De acordo com William Kratochwill, analista do IBGE, a redução reflete o ciclo de contratações do segundo semestre, especialmente no setor industrial, que registrou acréscimo de mais de 400 mil postos de trabalho no período. A recuperação foi observada em sete das 27 unidades da Federação, enquanto as demais não apresentaram variações estatisticamente significativas. As maiores taxas de desocupação foram verificadas em Pernambuco (10,5%), Bahia (9,7%) e Distrito Federal (8,8%), enquanto Rondônia (2,1%), Mato Grosso (2,3%) e Santa Catarina (2,8%) registraram os menores índices.
O levantamento apontou redução acima de 10% em todas as faixas de tempo de procura por trabalho. O número de pessoas buscando emprego há dois anos ou mais caiu para 1,5 milhão, o menor nível para um terceiro trimestre em uma década. Segundo Kratochwill, este fenômeno reflete o impacto direto do aquecimento econômico na redução do tempo médio de busca por ocupação.

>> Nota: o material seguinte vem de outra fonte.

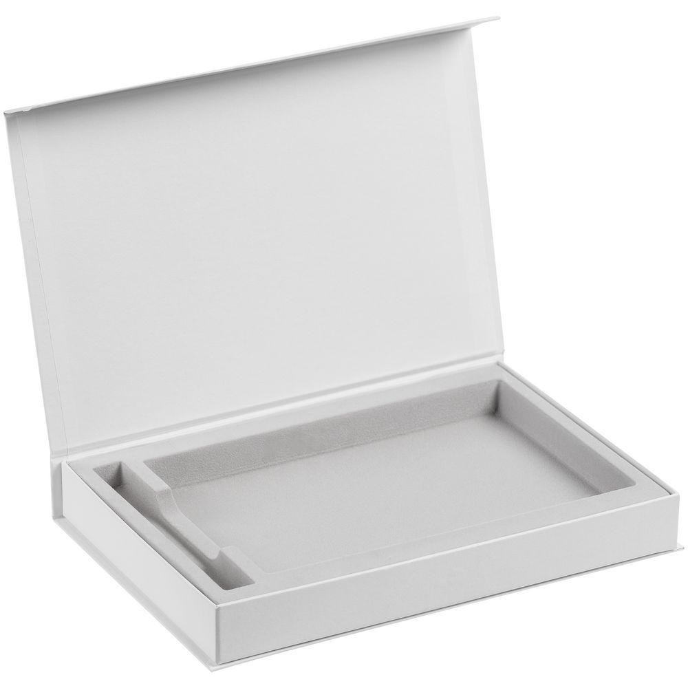 Коробка Silk с флокированным ложементом под ежедневник и ручку, ver. 2, белая

Em termos de rendimento, houve estabilidade no rendimento médio real em relação ao segundo trimestre de 2024, mas crescimento nas regiões Nordeste (R$ 2.216), Sudeste (R$ 3.656) e Sul (R$ 3.577) na comparação com o terceiro trimestre de 2023. A massa de rendimento médio real do trabalho chegou a R$ 327,7 milhões, um aumento em relação ao ano anterior (R$ 305,8 milhões).
Quanto à segmentação por gênero, a taxa de desocupação foi de 5,3% para os homens e 7,7% para as mulheres. Por raça ou cor, os índices foram de 5,0% para brancos, 7,6% para pretos e 7,3% para pardos. A análise por nível de instrução evidenciou maior desocupação entre pessoas com ensino médio incompleto (10,8%), enquanto aqueles com nível superior completo apresentaram o menor índice (3,2%).
No setor formal, 73,1% dos empregados tinham carteira assinada, com Santa Catarina (87,3%) e Piauí (49,2%) marcando os extremos. A taxa de informalidade, calculada considerando empregados sem registro formal, foi de 38,8%, com Pará (56,9%) e Santa Catarina (26,8%) apresentando as maiores e menores proporções, respectivamente.
A pesquisa destaca a relevância do cenário econômico favorável para a geração de empregos e melhoria da qualidade do trabalho, mas ressalta que as disparidades regionais e os desafios ligados à informalidade ainda persistem como questões estruturais.